We reached out to Sprint for comment on both the FCC and CFPB actions. Stephanie Vinge, Sprint's spokesperson for litigation, privacy and security issues, told us the company doesn't comment on "rumor and speculation" so had no statement regarding the reported FCC fines.

As to the CFPB's lawsuit, Vinge said, "We are disappointed that the CFPB has decided to target Sprint on this issue, and we strongly disagree with its characterization of our business practices. Sprint took considerable steps to protect wireless customers from unauthorized third-party billing and is an industry leader in proactively preventing unauthorized charges. We recognize this is an important issue for our customers, and we consistently have encouraged any customers who think they may have incurred an unauthorized third-party charge on their phone bill to contact Sprint to resolve the issue."

Vinge noted that Sprint was "the first major wireless carrier to partner with an outside compliance vendor to proactively monitor companies that placed charges on Sprint bills." The company also provides resources to customers who wish to block third-party charges and offers a "favorable refund policy" for consumers who believe they have incurred crammed charges, she added.

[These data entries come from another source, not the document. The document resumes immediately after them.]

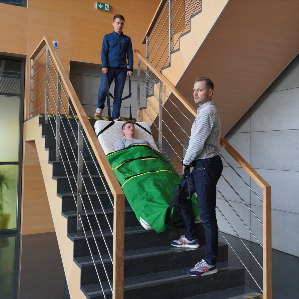 - Możliwa ewakuacja w wąskich klatkach oraz krętych schodach
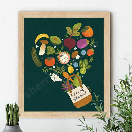 Sherry Lou Studio$20.00| /8x10 fruit and veggies print featuring dragon fruit, eggplant, enoki mushroom, lemons, bok choy, beets, persimmons, avocado and more!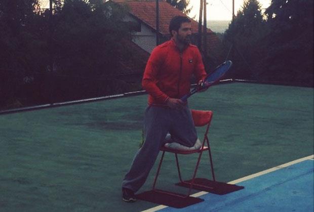 Srpski teniser počeo je da trenira, ali samo sa jednom nogom. On je na društvenim mrežama objavio snimak na kom udara lopticu dok stoji na jednoj nozi, dok je kolenom druge naslonjen na stolicu.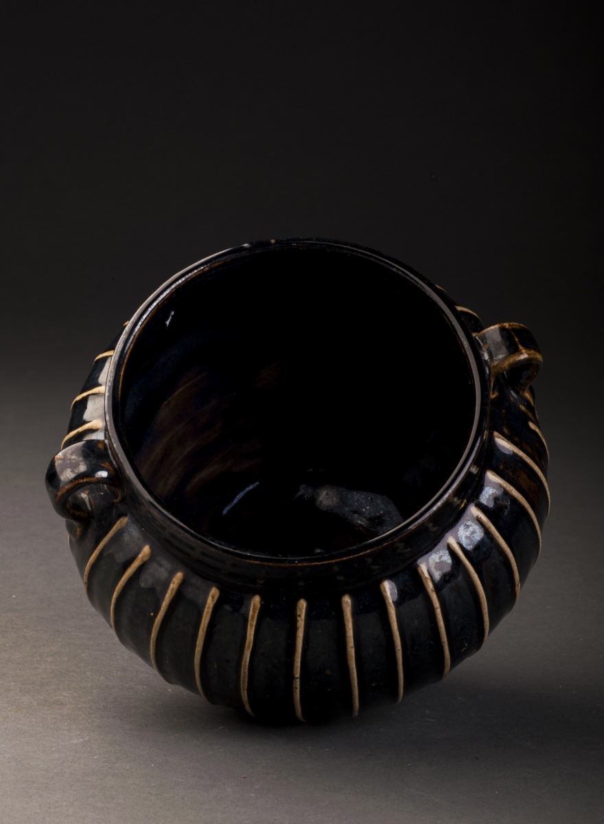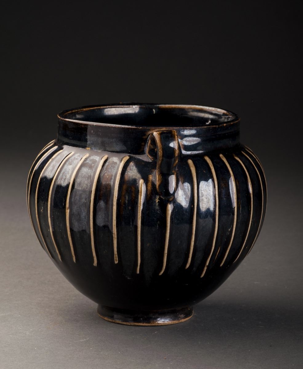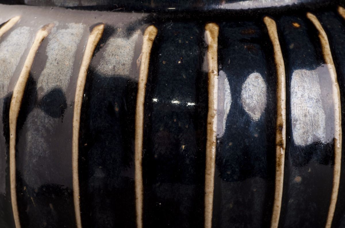 The Attractive Ribs Adorning This Jar Were Carefully Applied In Slip Onto The Surface Of The Vessel Before The Application Of Glaze. During Firing The Glaze Pulled Away From The Ribs To Result In A Striking Contrast OfDelicate White Lines Emerging From A Glossy Black Ground.
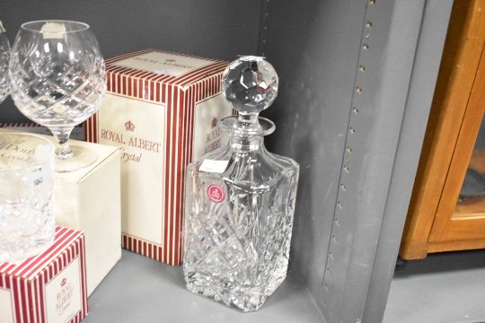 A quantity of 20th-century crystal cut glassware, to include a Royal Albert decanter and four tumblers; two small Royal Doulton crystal goblets; a selection of Tutbury Crystal tumblers and two Edinburgh Crystal Tumblers, most marked or with sticker, (9 tumblers, 2 goblets and 1 decanter), condition is consistent with age and use, most come with original boxes and have original stickers too.

Numerous 'Red Flags' Missed

In October, the FCC reached a $105 million settlement with AT&T Mobility over similar cramming complaints about unauthorized third-party charges and premium text messaging services. At the time, the agency noted that it was "the largest enforcement action in FCC history."

In July, the U.S. Federal Trade Commission (FTC) also came out with new guidelines aimed at improving anti-cramming protections for wireless customers. The guidelines didn't expand existing regulations but recommended a set of consumer-focused best practices for mobile carriers.

According to the FTC, the real cost of cramming to consumers in dollars is unknown. Three cases brought by the agency in 2013 were settled with the FTC handing down more than $160 million in judgments. Cramming is "almost the perfect scam," one official with the National Consumers League has said.

"Consumers ended up paying tens of millions of dollars in unauthorized charges, even though many of them had no idea that third parties could even place charges on their bills," said CFPB Director Richard Cordray, upon announcing the agency's lawsuit against Sprint. "As the use of mobile payments grows, we will continue to hold wireless carriers accountable for illegal third-party billing."

Unauthorized charges to Sprint customers between 2004 and December 2013 amounted to "millions of dollar each year," according to the CFPB filing. The company's billing and payment system, "gave third parties virtually unfettered access to its customers' accounts," according to the CFPB lawsuit. The company also continued to operate that system "despite numerous red flags, such as high refund rates and complaints from customers, law-enforcement agencies, and consumer groups."

The CFPB's complaint noted a number of violations by Sprint under the Dodd-Frank Wall Street Reform and Consumer Protection Act.